GROSS: Nasser, when he was the president of Egypt, clamped down on Islamic
fundamentalist groups. Many people in those groups were put into prison.
Many were executed. After Nasser, when Sadat became the president of Egypt,
what was his approach to the Muslim Brotherhood?
Ms. ARMSTRONG: Well, Sadat realized that he had quite a job on his hands to
be as popular as Nasser. And he decided to strike a more religious note. So
he let all the Muslim Brothers out of jail. And they came back into society,
many of them radicalized by Khatab's ideas and so they were a lot of extreme
young men around. Sadat also encouraged the new groups that were developing
in the universities; young groups of students who were organizing and
regrouping as part of this huge, religious revival in the Middle East after
the Six Day War. And he gave them a great deal of encouragement. And it was
a young man who had been in one of these groups--student groups who was
responsible for Sadat's assassination.
This passes an important message to us. It's very dangerous to ignore
fundamentalist movements and to think they don't matter and they'll just go
away. We've just had horrible evidence to see what happens when we do that,
but it's also very dangerous to try to exploit them or use them for our own
ends. This is what happened to Sadat. He courted these groups and then they
turned almost into a Frankensteinian monster that killed him.
GROSS: Let's look at how Khatab's philosophy is being used today. Now Osama
bin Laden is not Egyptian. He grew up in Saudi Arabia and he was born into
the Wahhabi sect of Islam, but his number two, or the person who is believed
to be his number, Ayman al-Zawahri...
Ms. ARMSTRONG: Mm-hmm.
GROSS: ...he is Egyptian. And I'm wondering if listening to these statements
by bin Laden or by the spokesperson of bin Laden's group, if you've been
hearing any resonance with Khatab and his writings?

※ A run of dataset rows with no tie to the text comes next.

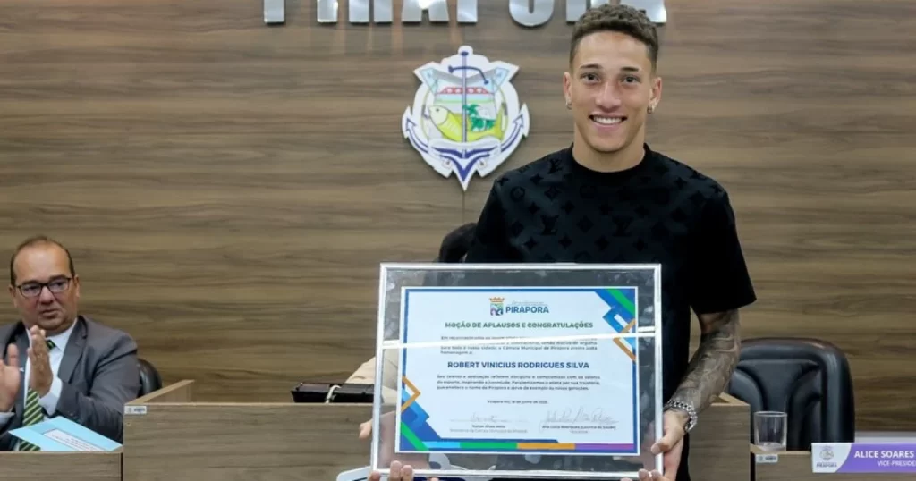 A Câmara do município do Norte de Minas concedeu ao atacante de 20 anos uma Moção de Aplausos, em reconhecimento a trajetória de superação, disciplina e talento. A homenagem foi proposta pela vereadora Lúcinha da Saúde e pelo presidente Itamar Alves Mota.
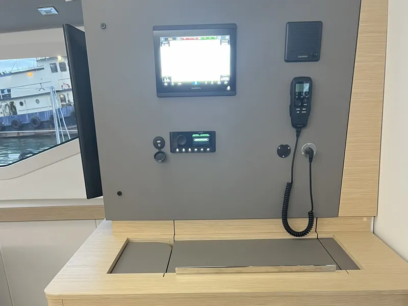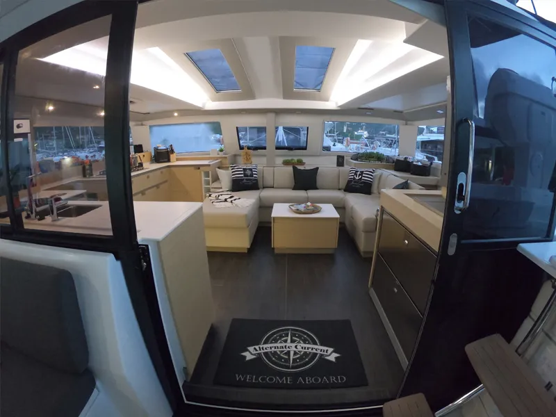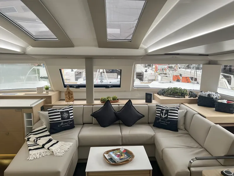 The salon is bright, open and spacious. Visibility is excellent in all directions, thanks to oversized windows, with the center forward window opening outward to let in the breeze. Skylights overhead provide a clear view of the sails, and there is a low coffee table that slides open with ample storage. A large sliding door and sliding windows extends the living space into the cockpit, which includes a dining table and chaise lounge and there is a hot / cold showerhead on the port stern.
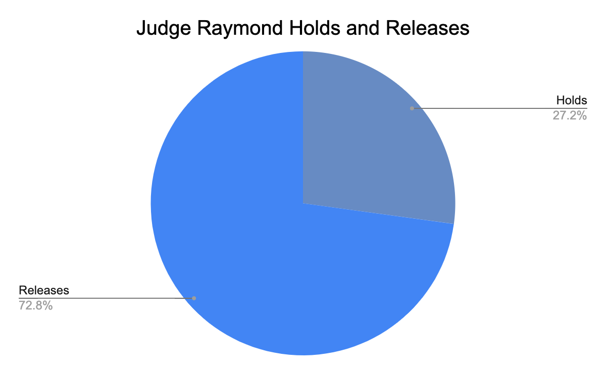 Judge Renee Raymond held 44 defendants and released 118. She held the highest percentage of defendants, nearly 37 percent compared to the two other judges who presided over initial hearings.
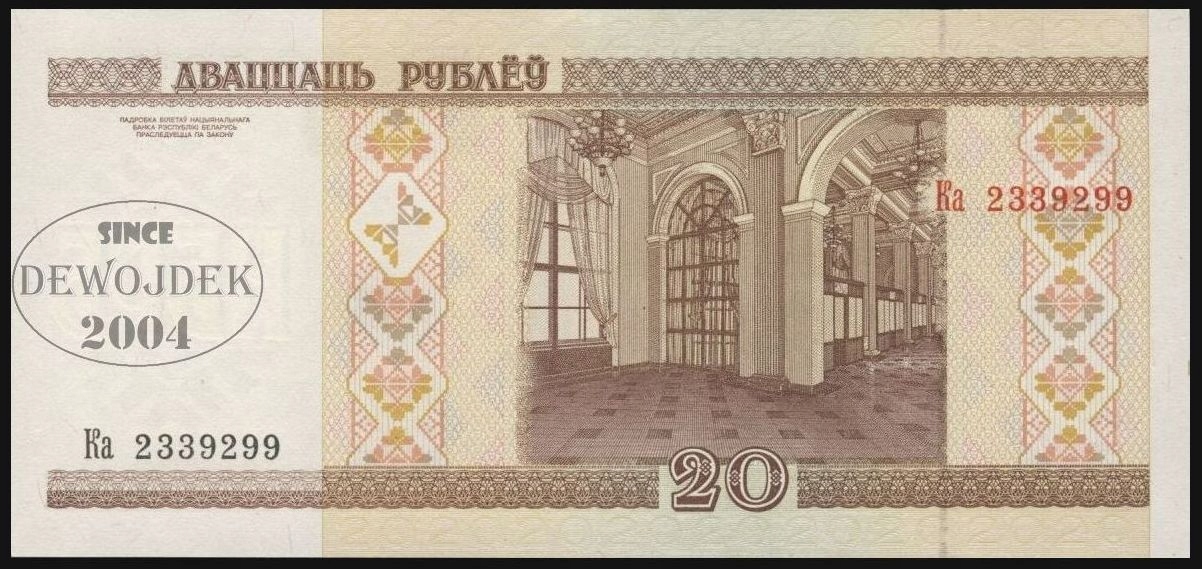 Макс-Білорусь 20 рублів 2000 сир Ка # Р24 # УНК

Ms. ARMSTRONG: I hear resonance to Said Khatab all the time in bin Laden's
statements and his texts. He talks about a vanguard. He talks about these
hijackers as God has created a vanguard. That's Khatab's ideology. He
talks--he's been saying the world is now divided into two camps, one for God,
one against God. This is exactly Khatab's ideology. He's talking about a
Jihad very, very strongly in Khatabian terms and he's also absolutely
convinced, like Khatab, that this is God's plan, not just a human plan--God's
plan and it's bound to be successful. So I hear resonances all the time. It
may not--these movements, of course, have their own life. They all sort of
develop and expand and change under the influence of events, but, certainly,
the stamp of Khatab is on this.
GROSS: Do you think that bin Laden and al-Qaeda have taken Islamic
fundamentalism to a new extreme with the terrorist attacks that we believe
they're responsible for and even in the kind of rhetoric they're using?
Ms. ARMSTRONG: All fundamentalism in Judaism, Christianity and Islam is
becoming more extreme right now. And we're almost getting what I would call
post-fundamentalist groups; people who believe they're going beyond the
fundamentalism that erupted so strongly during the 1970s into a new, more
desperate phase. And I think something like this is happening here.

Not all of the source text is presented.